- [MATERIAL SHOWN]:
== Segment start ==

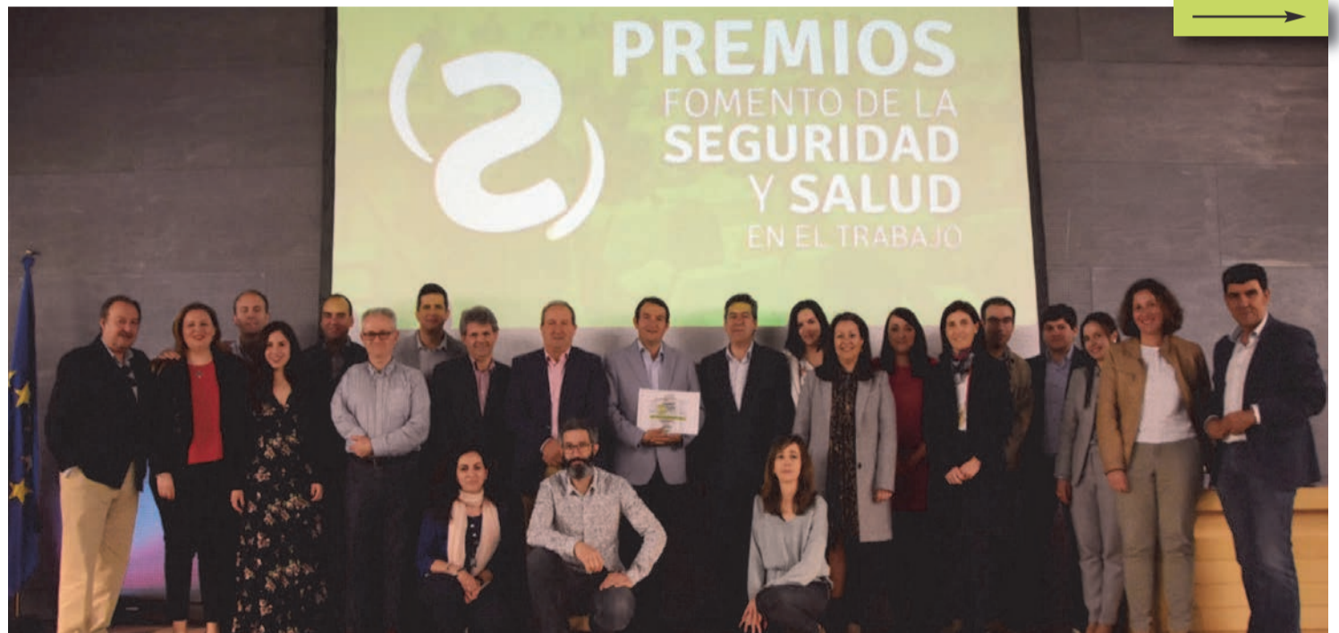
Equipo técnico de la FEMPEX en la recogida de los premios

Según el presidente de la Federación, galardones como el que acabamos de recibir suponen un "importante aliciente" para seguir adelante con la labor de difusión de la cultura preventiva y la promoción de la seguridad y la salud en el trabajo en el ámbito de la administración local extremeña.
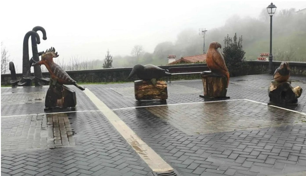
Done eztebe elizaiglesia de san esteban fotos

== Segment end ==
== Segment start ==

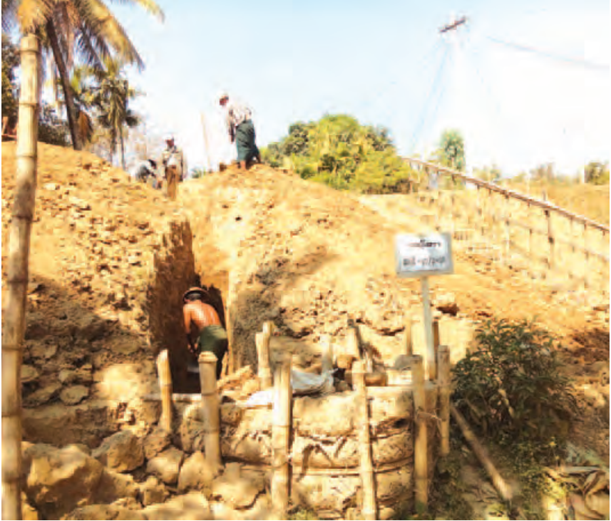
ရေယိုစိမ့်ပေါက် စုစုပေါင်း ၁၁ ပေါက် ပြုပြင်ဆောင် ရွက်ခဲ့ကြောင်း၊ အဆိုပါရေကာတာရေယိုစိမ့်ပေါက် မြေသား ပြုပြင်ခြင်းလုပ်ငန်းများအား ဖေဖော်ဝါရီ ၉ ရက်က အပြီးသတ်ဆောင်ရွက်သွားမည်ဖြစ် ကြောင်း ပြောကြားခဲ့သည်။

== Segment end ==

- [WHAT THIS TASK INVOLVES]:
Starting with the line that contains "Equipo técnico de" and finishing with the line that contains "Done eztebe elizaiglesia de san esteban fotos", reproduce every line of the material above exactly, but not the pictures.

- [WRITTEN SOLUTION]:
Equipo técnico de la FEMPEX en la recogida de los premios

Según el presidente de la Federación, galardones como el que acabamos de recibir suponen un "importante aliciente" para seguir adelante con la labor de difusión de la cultura preventiva y la promoción de la seguridad y la salud en el trabajo en el ámbito de la administración local extremeña.
Done eztebe elizaiglesia de san esteban fotos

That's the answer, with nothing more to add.